Tuesday, September 27, 2011

Here were the words of the Blind Poet



This one I picked up from Poets.org, because I didn't have a poem in mind for today.  You could play "name that poem" with the references in here...I put some at the bottom.

An Octave Above Thunder
Carol Muske-Dukes

  ... reverberation
Of thunder of spring over distant mountains
He who was living is now dead
We who were living are now dying
With a little patience.

--T. S. Eliot,
"What the Thunder Said"

1

She began as we huddled, six of us,
in the cellar, raising her voice above
those towering syllables...

Never mind she cried when storm candles
flickered, glass shattered upstairs.
Reciting as if on horseback,
                   she whipped the meter,

trampling rhyme, reining in the reins
of the air with her left hand as she
stood, the washing machine behind her
              stunned on its haunches, not spinning.

She spun the lines around each other,
her gaze fixed. I knew she'd silenced
a cacophony of distractions in her head,
              to summon what she owned, rote-bright:

                             Of man's first disobedience,
                                        and the fruit...
                              of the flower in a crannied wall
                              and one clear call...
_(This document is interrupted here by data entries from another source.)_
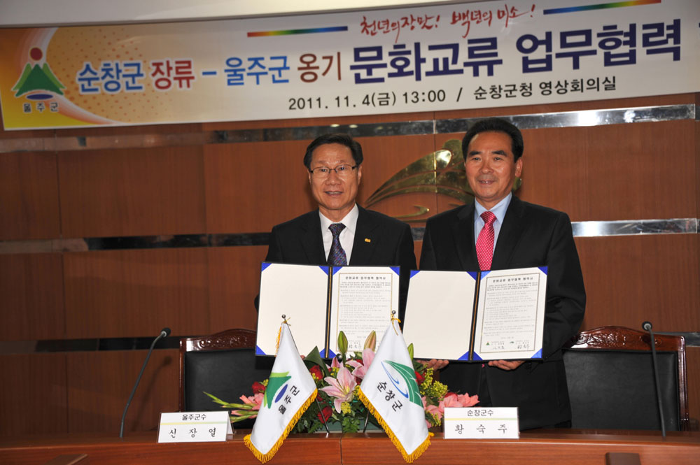 - 4일 군청 영상회의실에서 황숙주 순창군수와 신장열 울주군수, 관계자 등 20여명이 참석한 가운데 순창 장류와 울주 옹기 문화교류 협약식을 가졌다. -2011. 11. 4-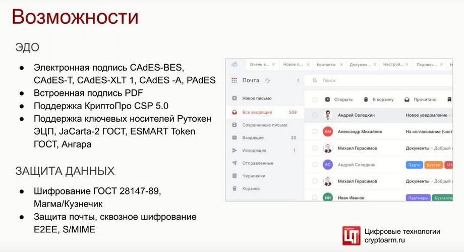 КриптоАРМ третьей версии отличается от предыдущей версии нашего продукта тем, что в него добавлен встроенный почтовый клиент, который отправляет документы получателю в защищенном виде. Тут используется технология сквозного шифрования, при этом весь контент и прикрепленные документы шифруются на устройстве с открытым ключом получателя и дальше на принимающем устройстве он может расшифровать как содержимые письма, так и получить доступ к документам.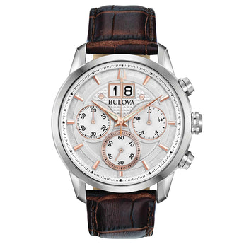 Orologio Bulova da uomo, cassa in acciaio inossidabile con un diametro di 44 mm e uno spessore di 12 mm, il quadrante è di colore silver. Il meccanismo è al quarzo con funzione di orario, datario e cronografo. Il bracciale è in pelle di colore marrone. Il vetro è minerale. Water Resistant.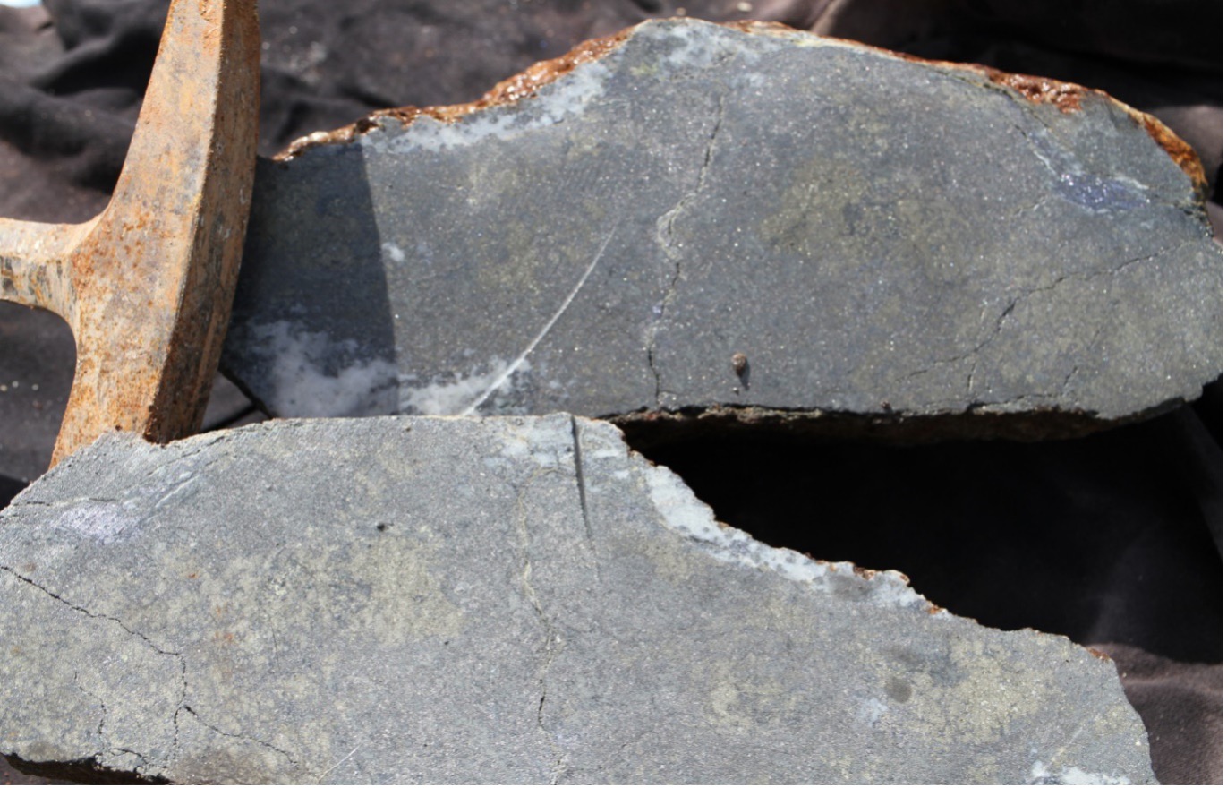 E. Kruchkowski, P. Geo. President of the Company states: “Continued exploration in 2025 indicates that the gold-silver-base metal rich rocks are composed of sulphides, quartz and muscovite. Thin section studies indicate that the boulders are quartz-muscovite with arsenopyrite, pyrite and sphalerite with lesser chalcopyrite and minor galena. In the examined samples no low or high temperature minerals were detected indicating the alteration/mineralization observed in these samples can be classified as mesothermal. Based on the analysis to date the discovered boulders are interpreted to be similar to an intrusive related gold deposit mineral type which are known to have enhanced bismuth and cobalt. These types of deposit are characterized by their association with felsic igneous rocks which are present on the property. The presence of these elements in these types of deposits indicates a significant mineralization process that has enhanced value and potential. The Company is excited about locating an area that appears to contain the source of these boulders”.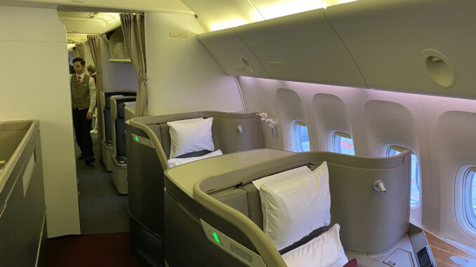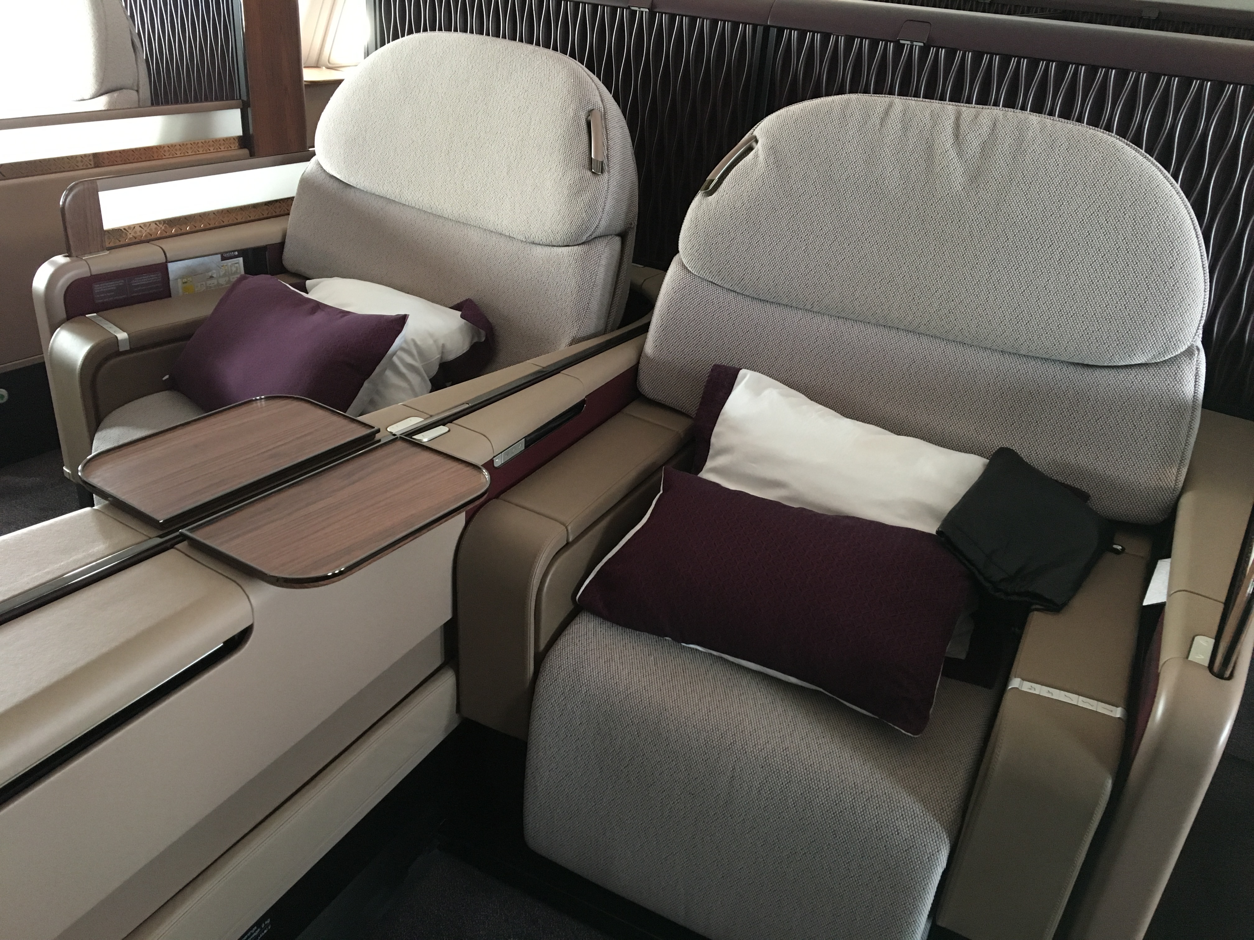 Bei der Buchung wird zwar das Qatar-Produkt angezeigt, dieses ist allerdings nur auf dem Airbus A380 verfügbar. Diese sind 1-2-1 bestuhlt und im Oberdeck des Doppelstöckers installiert. Ihr könnt Euch ein eigenes Bild von dem Kabinenprodukt der Cathay machen, unser Alexander hatte das Vergnügen in de exklusiven First zu reisen und schildert seine Erfahrungen in einer ausführlichen Review.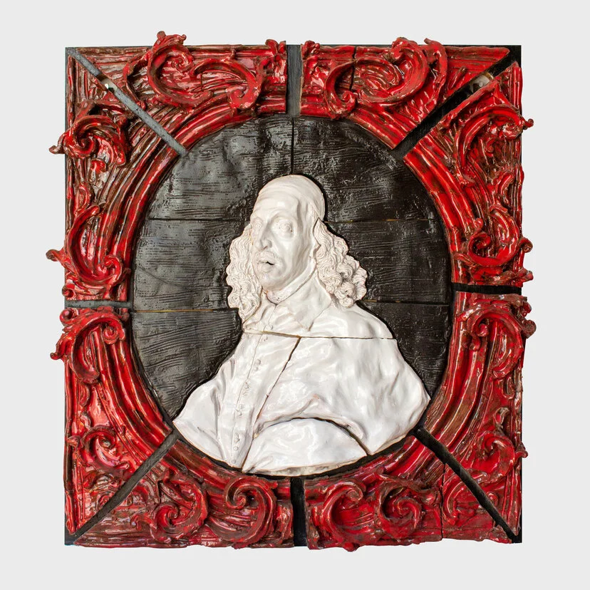 Guiseppe Ducrot, nacido en 1966, un destacado ceramista italiano, es un escultor conocido y exitoso que vive y trabaja en Roma. Ver www.guiseppeducrot.it Este gran retrato de cerámica (ritratto ceramica) de Leopoldo de Medici, con su conciencia contemporánea pero fuerte referencia al barroco, es un buen ejemplo de su trabajo.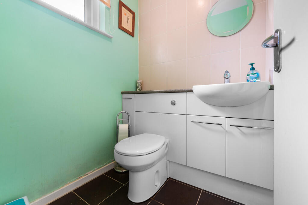 CLOAKROOM White suite comprising low level wc, vanity wash basin with storage below. Tiled flooring. Window to front.
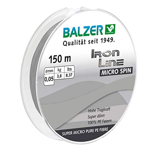 Balzer Iron Line Micro Spin geflochtene Schnur – Die Angelschnur von Balzer besitzt einen Durchmesser von 0,05mm des Weiteren sie eignet sich äußerst alles klar! zum Ultra Leicht Spinnfischen gen Forellen. Die Geflechtschnur weist tolle Wurfeigenschaften gen, wodurch sich kleine Spoons, Wobbler des Weiteren Softbait lang gezogen werfen lassen.

for the child who'd risen before school assemblies:
eerie Dakota rumble that rolled yet never brought
rain breaking over the podium. Her voice rose,
                        an octave above thunder:

When I consider how my light is spent--
I thought of her light, poured willy-nilly.
in this dark world and wide: half-blind, blind,
a widening distraction Getting and spending
 we lay waste our powers...Different poem, a trick!

Her eyes singled me out as the wind slowed.
Then, reflective, I'd rather be / a Pagan
 suckled in a creed outworn / than a dullard
                         with nothing by heart.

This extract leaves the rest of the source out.